**Work instruction:**
Return, from the data below, each line that contains the word "waist".

━━━━━ Data shown ━━━━━

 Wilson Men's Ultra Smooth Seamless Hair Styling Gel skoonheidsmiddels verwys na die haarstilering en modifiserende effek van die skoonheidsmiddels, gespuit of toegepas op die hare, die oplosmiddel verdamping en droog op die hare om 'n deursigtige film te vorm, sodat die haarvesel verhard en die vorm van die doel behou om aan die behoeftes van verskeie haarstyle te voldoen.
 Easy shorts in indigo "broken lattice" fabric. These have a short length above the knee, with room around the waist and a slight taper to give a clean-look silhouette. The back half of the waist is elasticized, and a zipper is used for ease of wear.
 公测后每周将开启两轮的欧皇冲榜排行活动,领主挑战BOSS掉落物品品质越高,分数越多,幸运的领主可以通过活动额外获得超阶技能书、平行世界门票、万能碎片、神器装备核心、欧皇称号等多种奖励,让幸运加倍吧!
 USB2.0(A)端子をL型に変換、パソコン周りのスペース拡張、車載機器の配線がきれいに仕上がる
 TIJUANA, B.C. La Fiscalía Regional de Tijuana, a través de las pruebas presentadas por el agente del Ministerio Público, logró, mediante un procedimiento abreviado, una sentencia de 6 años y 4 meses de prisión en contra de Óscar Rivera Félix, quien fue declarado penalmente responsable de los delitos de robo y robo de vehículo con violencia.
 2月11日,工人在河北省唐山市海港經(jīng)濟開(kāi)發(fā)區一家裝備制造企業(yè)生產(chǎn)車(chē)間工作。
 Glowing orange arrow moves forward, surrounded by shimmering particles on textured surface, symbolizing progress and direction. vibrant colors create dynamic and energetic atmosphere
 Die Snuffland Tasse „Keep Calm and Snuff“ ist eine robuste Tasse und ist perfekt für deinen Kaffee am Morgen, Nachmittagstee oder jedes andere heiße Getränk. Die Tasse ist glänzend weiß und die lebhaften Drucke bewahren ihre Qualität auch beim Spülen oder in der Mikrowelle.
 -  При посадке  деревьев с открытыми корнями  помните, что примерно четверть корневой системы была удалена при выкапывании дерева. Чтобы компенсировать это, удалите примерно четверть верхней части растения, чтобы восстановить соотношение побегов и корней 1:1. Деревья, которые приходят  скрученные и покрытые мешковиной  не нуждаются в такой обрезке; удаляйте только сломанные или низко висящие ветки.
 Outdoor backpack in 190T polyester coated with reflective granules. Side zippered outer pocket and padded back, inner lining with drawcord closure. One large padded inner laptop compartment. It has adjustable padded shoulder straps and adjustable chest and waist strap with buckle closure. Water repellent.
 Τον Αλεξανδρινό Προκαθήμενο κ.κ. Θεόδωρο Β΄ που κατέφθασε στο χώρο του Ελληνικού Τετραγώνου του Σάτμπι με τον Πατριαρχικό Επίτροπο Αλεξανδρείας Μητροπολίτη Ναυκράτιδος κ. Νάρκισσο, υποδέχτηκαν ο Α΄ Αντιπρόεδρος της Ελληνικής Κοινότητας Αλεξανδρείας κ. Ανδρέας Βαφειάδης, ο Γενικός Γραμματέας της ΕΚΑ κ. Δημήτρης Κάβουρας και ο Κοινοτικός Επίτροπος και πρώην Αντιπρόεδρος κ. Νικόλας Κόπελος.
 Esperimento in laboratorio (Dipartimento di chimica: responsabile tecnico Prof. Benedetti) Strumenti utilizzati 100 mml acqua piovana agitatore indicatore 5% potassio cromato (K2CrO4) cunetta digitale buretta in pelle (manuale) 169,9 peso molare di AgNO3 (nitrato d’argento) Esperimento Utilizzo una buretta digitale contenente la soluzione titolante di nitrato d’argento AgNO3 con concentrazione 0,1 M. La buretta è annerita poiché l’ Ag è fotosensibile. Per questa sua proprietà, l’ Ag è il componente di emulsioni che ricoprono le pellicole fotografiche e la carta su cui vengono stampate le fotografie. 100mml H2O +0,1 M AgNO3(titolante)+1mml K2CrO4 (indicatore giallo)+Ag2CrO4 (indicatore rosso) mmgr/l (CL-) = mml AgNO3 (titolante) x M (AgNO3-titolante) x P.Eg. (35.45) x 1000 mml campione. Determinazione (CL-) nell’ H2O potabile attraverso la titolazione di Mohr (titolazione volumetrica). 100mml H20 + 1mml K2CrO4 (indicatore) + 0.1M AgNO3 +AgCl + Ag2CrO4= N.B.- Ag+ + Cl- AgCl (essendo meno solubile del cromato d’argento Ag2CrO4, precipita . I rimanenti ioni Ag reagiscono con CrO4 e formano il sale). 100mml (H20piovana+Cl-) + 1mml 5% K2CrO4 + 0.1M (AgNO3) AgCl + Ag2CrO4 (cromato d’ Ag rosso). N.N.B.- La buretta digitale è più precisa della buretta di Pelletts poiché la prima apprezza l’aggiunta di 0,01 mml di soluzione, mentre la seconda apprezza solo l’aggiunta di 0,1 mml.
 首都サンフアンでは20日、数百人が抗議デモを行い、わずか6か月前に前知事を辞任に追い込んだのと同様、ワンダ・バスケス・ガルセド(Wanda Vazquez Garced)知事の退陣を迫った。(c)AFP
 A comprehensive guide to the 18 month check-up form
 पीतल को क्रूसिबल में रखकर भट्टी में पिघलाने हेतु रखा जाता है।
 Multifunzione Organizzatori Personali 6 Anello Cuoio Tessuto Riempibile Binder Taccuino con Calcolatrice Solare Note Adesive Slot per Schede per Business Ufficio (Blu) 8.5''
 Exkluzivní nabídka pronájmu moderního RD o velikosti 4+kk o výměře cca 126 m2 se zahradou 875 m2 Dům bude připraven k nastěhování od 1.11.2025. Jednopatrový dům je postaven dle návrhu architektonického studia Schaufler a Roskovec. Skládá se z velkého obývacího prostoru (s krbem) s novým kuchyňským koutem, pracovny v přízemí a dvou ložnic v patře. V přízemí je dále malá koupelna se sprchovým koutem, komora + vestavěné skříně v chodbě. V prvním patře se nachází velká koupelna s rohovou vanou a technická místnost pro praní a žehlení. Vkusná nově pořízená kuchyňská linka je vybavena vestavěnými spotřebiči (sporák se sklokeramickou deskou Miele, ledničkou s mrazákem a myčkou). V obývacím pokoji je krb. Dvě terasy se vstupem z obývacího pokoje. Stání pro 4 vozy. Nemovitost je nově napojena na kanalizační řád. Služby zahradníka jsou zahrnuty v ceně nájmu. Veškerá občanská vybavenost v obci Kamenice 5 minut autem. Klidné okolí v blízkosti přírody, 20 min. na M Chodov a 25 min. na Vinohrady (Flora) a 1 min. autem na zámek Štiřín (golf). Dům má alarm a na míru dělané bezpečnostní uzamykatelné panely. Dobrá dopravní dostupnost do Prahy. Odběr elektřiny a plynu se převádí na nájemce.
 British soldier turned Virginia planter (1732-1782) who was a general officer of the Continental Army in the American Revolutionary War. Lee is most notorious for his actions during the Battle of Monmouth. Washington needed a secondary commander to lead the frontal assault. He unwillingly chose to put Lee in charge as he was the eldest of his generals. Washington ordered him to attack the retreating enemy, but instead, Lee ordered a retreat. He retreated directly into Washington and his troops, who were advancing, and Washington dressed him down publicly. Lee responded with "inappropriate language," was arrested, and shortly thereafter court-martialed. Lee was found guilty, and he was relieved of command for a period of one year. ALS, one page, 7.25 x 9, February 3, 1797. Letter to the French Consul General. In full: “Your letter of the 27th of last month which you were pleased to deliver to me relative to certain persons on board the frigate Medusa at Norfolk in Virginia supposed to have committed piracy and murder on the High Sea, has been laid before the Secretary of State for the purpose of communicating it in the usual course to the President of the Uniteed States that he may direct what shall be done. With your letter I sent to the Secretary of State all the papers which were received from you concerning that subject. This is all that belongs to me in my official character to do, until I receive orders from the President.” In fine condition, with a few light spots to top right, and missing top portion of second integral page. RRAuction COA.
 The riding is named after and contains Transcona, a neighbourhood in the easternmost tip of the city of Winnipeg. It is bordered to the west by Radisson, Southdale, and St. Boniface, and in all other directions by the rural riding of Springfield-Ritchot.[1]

━━━━━

**Finished task:**
 Easy shorts in indigo "broken lattice" fabric. These have a short length above the knee, with room around the waist and a slight taper to give a clean-look silhouette. The back half of the waist is elasticized, and a zipper is used for ease of wear.
 Outdoor backpack in 190T polyester coated with reflective granules. Side zippered outer pocket and padded back, inner lining with drawcord closure. One large padded inner laptop compartment. It has adjustable padded shoulder straps and adjustable chest and waist strap with buckle closure. Water repellent.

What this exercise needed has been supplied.